_DATASET RECORDS_
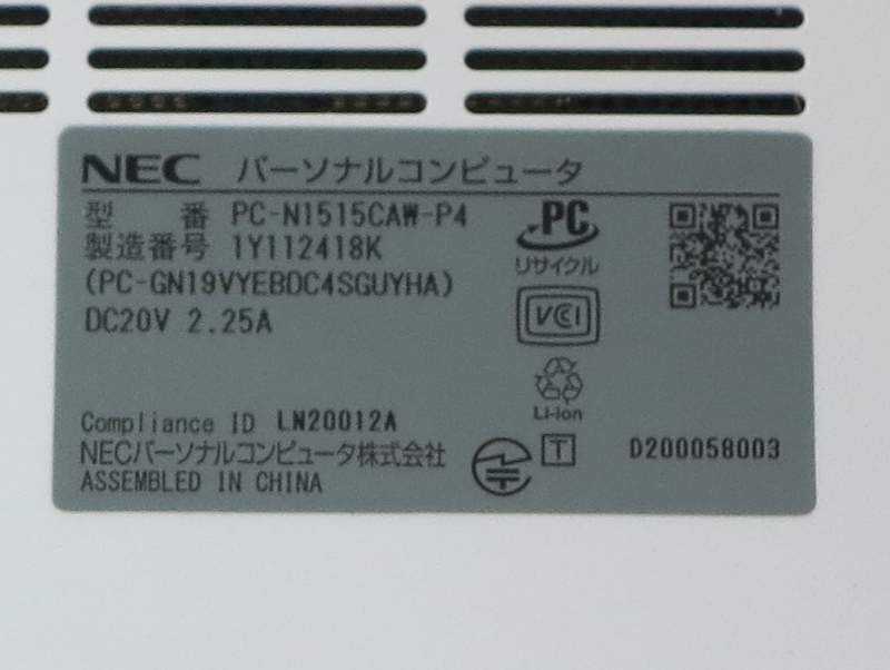 NEC [USED]u059653 PC-N1515CAW-P4 [パールホワイト] の 商品仕様1:
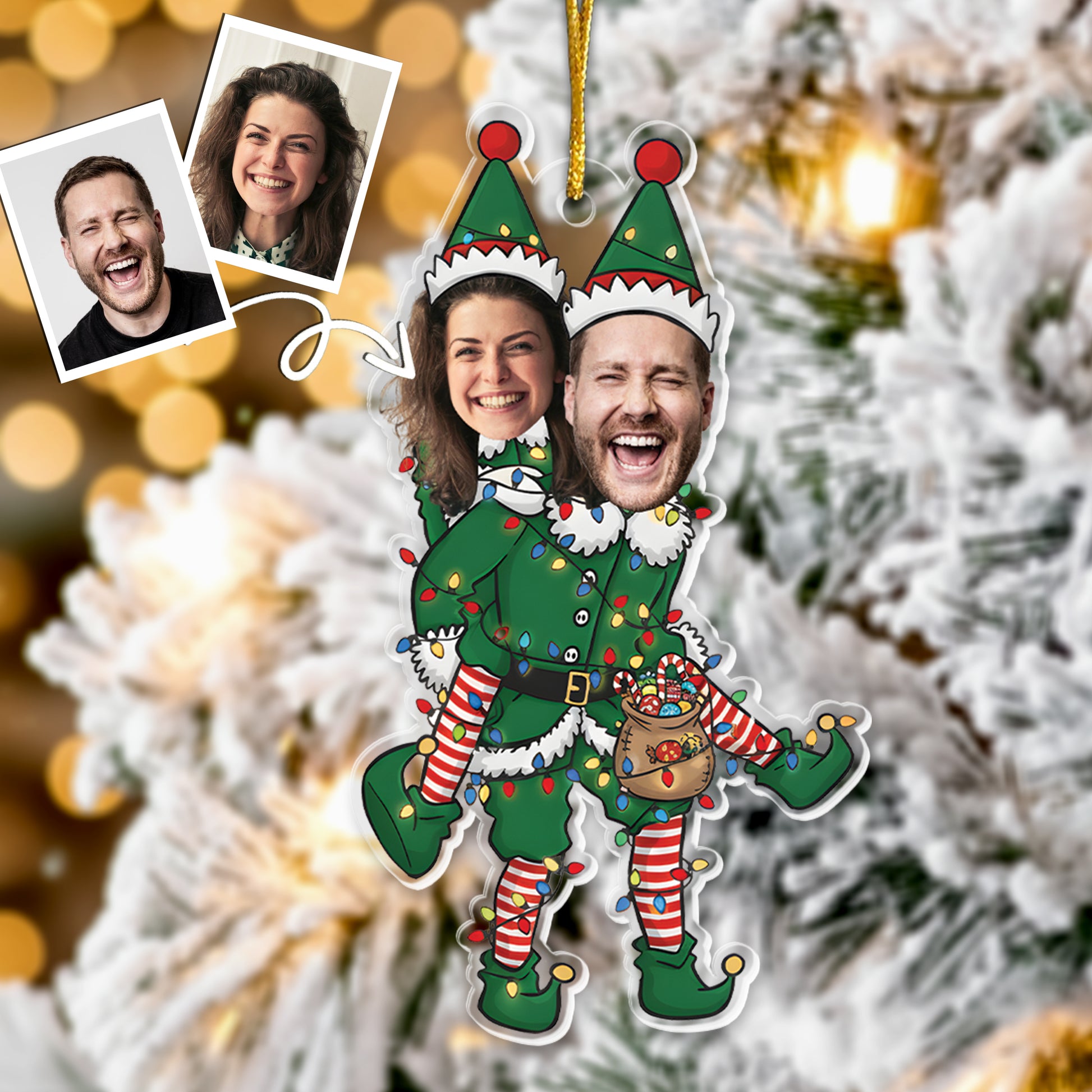 Couple Funny Elf - Personalized Acrylic Photo Ornament
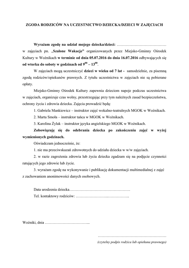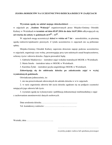 ZGODA RODZICÓW NA UCZESTNICTWO DZIECKA/DZIECI W ZAJĘCIACH Wyrażam zgodę na udział mojego dziecka/dzieci: ………………………………… w zajęciach pn. „Szalone Wakacje” organizowanych przez Miejsko-Gminny Ośrodek Kultury w Woźnikach w terminie od dnia 05.07.2016 do dnia 16.07.2016 odbywających się od wtorku do soboty w godzinach od 900 – 1300. W zajęciach mogą uczestniczyć dzieci w wieku od 7 lat - samodzielnie, za pisemną zgodą rodziców/opiekunów prawnych. Z tytułu uczestnictwa w zajęciach nie są pobierane opłaty. Miejsko-Gminny Ośrodek Kultury zapewnia dzieciom napoje podczas uczestnictwa w zajęciach, organizuje czas wolny, przestrzegając przy tym należnych zasad bezpieczeństwa, ochrony życia i zdrowia dziecka. Zajęcia prowadzić będą: 1. Gabriela Mankiewicz – instruktor zajęć wokalno-teatralnych MGOK w Woźnikach. 2. Marta Smoła – instruktor tańca w MGOK w Woźnikach. 3. Karolina Żylak – instruktor języka angielskiego MGOK w Woźnikach. Zobowiązuję się do odebrania dziecka po zakończeniu zajęć w wyżej wymienionych godzinach. Oświadczam jednocześnie, że: 1. nie ma przeciwskazań zdrowotnych do udziału dziecka w w/w zajęciach. 2. w razie zagrożenia zdrowia lub życia dziecka zgadzam się na podjęcie czynności ratujących jego zdrowie lub życie. 3. wyrażam zgodę na wykonywanie i publikację dokumentacji multimedialnej z zajęć z zachowaniem anonimowości danych osobowych. Data urodzenia dziecka………………………………………… Tel. kontaktowy rodziców: ……………………..…………….. Woźniki, dnia ……………………………... ……………………………………………… (czytelny podpis rodzica lub opiekuna prawnego)
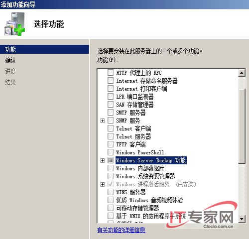 1、安裝Windows Server BackupWindows Server Backup工具已經包含在所有版本的Windows Server 2008中,但默認狀態下它并沒有被安裝。要安裝Windows Server Backup工具,我們可通過服務器管理器來完成。在服務器管理器中從左側窗格選擇“功能”節點,然后單擊右側的“添加功能”鏈接,隨后會打開“添加功能向導”。在“選擇功能”界面中,選擇“Windows Server Backup”(建議同時選擇Windows Recovery Disc,該工具是還原工具)。在選擇Windows Server Backup功能時,Windows Server Backup和命令行工具選項都將被選中。單擊“下一步”,然后單擊“安裝”按鈕。在向導安裝完這些功能后,單擊“關閉”按鈕即可。至此,Windows Server Backup功能就成了管理工具鋼菜單下的一個選項,同時在“所有程序”→“維護”菜單下還將能看到“創建恢復盤”選項。(圖1)
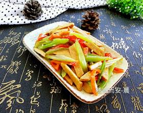 红椒和青椒一样,吃的时候把里面的膜和籽去掉,口感更好呢;芹菜和红椒先焯水能节约烹饪时间,而且短时间炒制能保留菜里的维生素不被破坏;加盐调味要根据自家口味来定。蔬菜已焯至半熟、豆干也是可以直接食用的,所以炒时全程用中火即可。
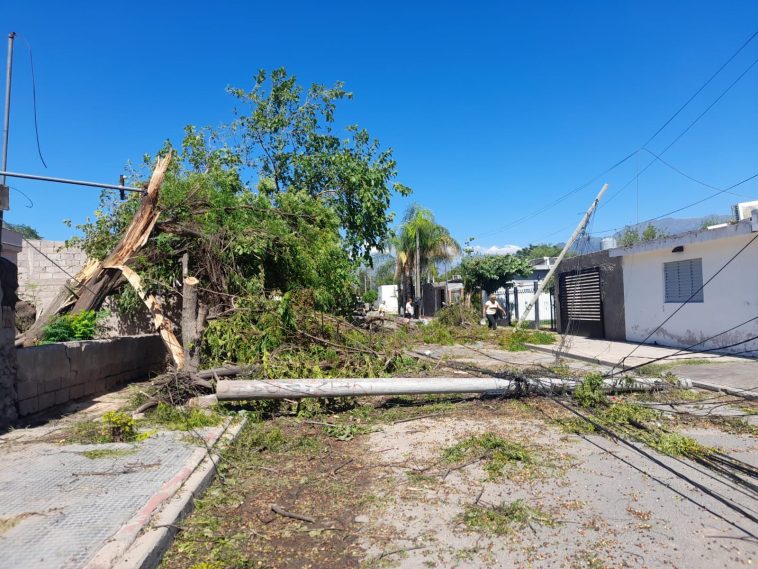 Uno de ellos es el barrio Joaquín Víctor González, se trata de la calle Tama, entre Talampaya y Portezuelo, donde hay postes y árboles caídos que obstaculizan la calzada.
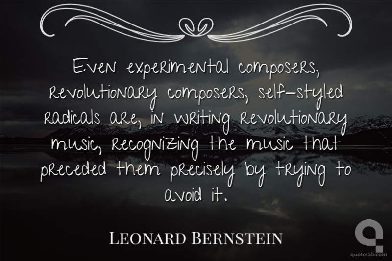 Even experimental composers, revolutionary composers, self-styled radicals are, in writing revolutionary music, recognizing the music that preceded them precisely by trying to avoid it.
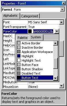 назад | содержание | вперед Управление цветом Управление цветом формы и элементов управления можно организовать, используя свойства ForeColor и BackColor. Свойство ForeCoior задает цвет текста, а BackColor устанавливает цвет фона. В режиме проектирования приложения эти свойства можно установить в окне Properties (Свойства) объекта (рис. 11.6), вызвав диалоговое окно настройки цвета. Для этого необходимо выделить настраиваемое свойство и нажать на кнопку со стрелкой в правом столбце свойства. Как видно из рисунка, это диалоговое окно состоит из двух вкладок: Palette (Палитра) и System (Системные). На вкладке Palette можно установить произвольные цвета из палитры, на вкладке System можно выбрать цвет из списка цветовой схемы Windows, которая устанавливается в панели управления Windows вызовом окна настройки Свойства: Display. При использовании цветовой схемы необходимо иметь в виду, что при изменении настройки цветовой схемы Windows соответственно изменятся и цвета приложения.

_ACTIVITY_
In the listing above, find the line containing "1、安裝Windows Server BackupWindows" and the line containing "Uno de ellos". Reproduce those lines and all between them exactly, with no pictures and nothing more.

_FINAL ANSWER_
 1、安裝Windows Server BackupWindows Server Backup工具已經包含在所有版本的Windows Server 2008中,但默認狀態下它并沒有被安裝。要安裝Windows Server Backup工具,我們可通過服務器管理器來完成。在服務器管理器中從左側窗格選擇“功能”節點,然后單擊右側的“添加功能”鏈接,隨后會打開“添加功能向導”。在“選擇功能”界面中,選擇“Windows Server Backup”(建議同時選擇Windows Recovery Disc,該工具是還原工具)。在選擇Windows Server Backup功能時,Windows Server Backup和命令行工具選項都將被選中。單擊“下一步”,然后單擊“安裝”按鈕。在向導安裝完這些功能后,單擊“關閉”按鈕即可。至此,Windows Server Backup功能就成了管理工具鋼菜單下的一個選項,同時在“所有程序”→“維護”菜單下還將能看到“創建恢復盤”選項。(圖1)
 红椒和青椒一样,吃的时候把里面的膜和籽去掉,口感更好呢;芹菜和红椒先焯水能节约烹饪时间,而且短时间炒制能保留菜里的维生素不被破坏;加盐调味要根据自家口味来定。蔬菜已焯至半熟、豆干也是可以直接食用的,所以炒时全程用中火即可。
 Uno de ellos es el barrio Joaquín Víctor González, se trata de la calle Tama, entre Talampaya y Portezuelo, donde hay postes y árboles caídos que obstaculizan la calzada.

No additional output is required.